Sri Lanka's war on aid workers

September 12, 2009

The communications chief for United Nations children's charity UNICEF, James Elder, has been given until September 21 to leave Sri Lanka for making statements critical of the government.

Elder, an Australian citizen, has been charged over claims he issued statements supporting the views of the Liberation Tigers of Tamil Eelam.

For nearly three decades, the LTTE waged an armed struggle for an independent homeland for the Tamil people in the north of Sri Lanka, before being defeated militarily in May.

Elder spoke out on multiple occasions about the shocking humanitarian crisis facing Tamil civilians in Sri Lanka. He told June 4 Australian: "The nutritional situation of children [in the camps] is a huge concern for Unicef, and restrictions on access hinder our ability to save lives."

For these kind of statements, he was labelled an LTTE sympathiser and enemy of the state.

Former Australian diplomat turned Sri Lankan foreign secretary Palitha Kohona accused Elder of being biased in favour of the LTTE. "Mr Elder was doing propaganda in support of the LTTE", Kohona told AFP on September 6.

Elder's expulsion continues Sri Lanka's long-running war on aid organisations, who are routinely banned from access to internment camps and other disaster areas by the Sri Lankan authorities.

UNICEF's attempts to appease the Sri Lankan authorities have failed to free them from state harassment.
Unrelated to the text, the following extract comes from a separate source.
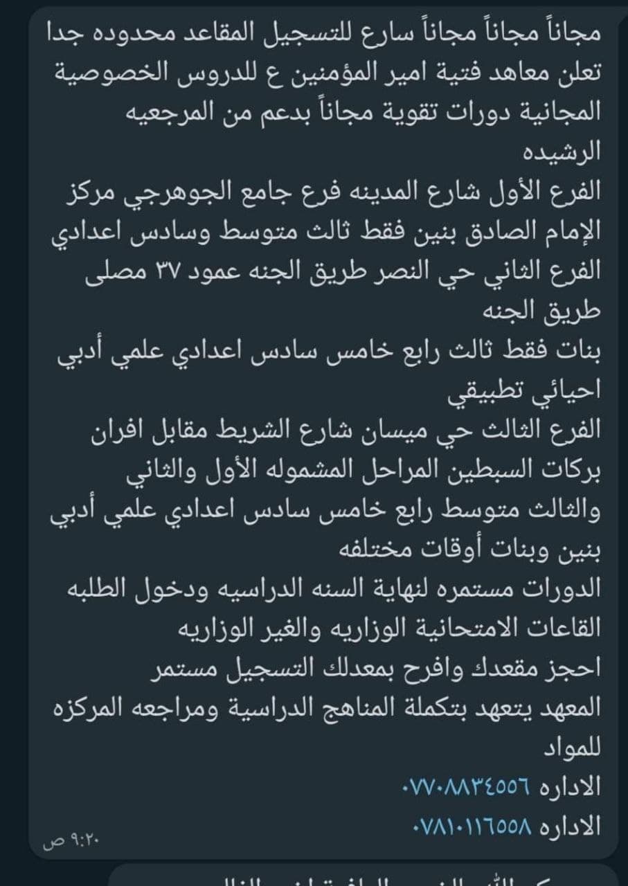 طبعاً وأمام ما نشاهد ونسمع من الأسعار العالية التي يتم تقاضيها من الطلبة في المدارس الأهلية والمعاهد الخاصة والتي تصل إلى أكثر من ثلاثة ملايين دينار. تأتي هذه المبادرة لتكون نافذة أمل للطلبة سيما ذوي الدخل المحدود. لتطوير مستوياتهم الدراسية وتحسين ادائهم بما يضمن لهم تحقيق افضل النتائج وأعلى الدرجات.

UNICEF has been involved in supporting, with the Sri Lankan government, controversial internment camps and "rehabilitation" centres for Tamil civilians.

But UNICEF has itself admitted to often being denied access to these facilities.
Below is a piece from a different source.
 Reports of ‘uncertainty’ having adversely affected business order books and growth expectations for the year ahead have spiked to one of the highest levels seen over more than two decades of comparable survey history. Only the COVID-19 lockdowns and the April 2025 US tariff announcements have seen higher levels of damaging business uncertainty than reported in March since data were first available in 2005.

Many aid workers fear speaking out about conditions facing Tamil civilians, as this often means deportation and can jeopardise their aid programs.

Philip Alston, the UN's special rapporteur on extrajudicial, summary or arbitrary executions, told Al Jazeera on September 1: "I think the United Nations is in a difficult situation in the sense that it's really a grouping of states and the government of Sri Lanka has been very effective in terms of garnering the support of a large number of states and that does seem to have made the UN rather reluctant to speak out on these issues."
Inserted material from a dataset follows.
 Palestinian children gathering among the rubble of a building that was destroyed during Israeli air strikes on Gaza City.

On July 9, Sri Lanka called on international relief organisations to scale down their operations in the country. This is despite the fact that more than 250,000 Tamils languish in overpopulated internment camps and many more remain in "rehabilitation centres" for their alleged involvement with the LTTE.

For a government that continues to lie about its involvement in the deaths of large numbers of civilians and continuing disasterous conditions in their so-called welfare camps, this response is not surprising. The attacks on aid workers is simply another piece of the Sri Lankan regime's wider war on dissent.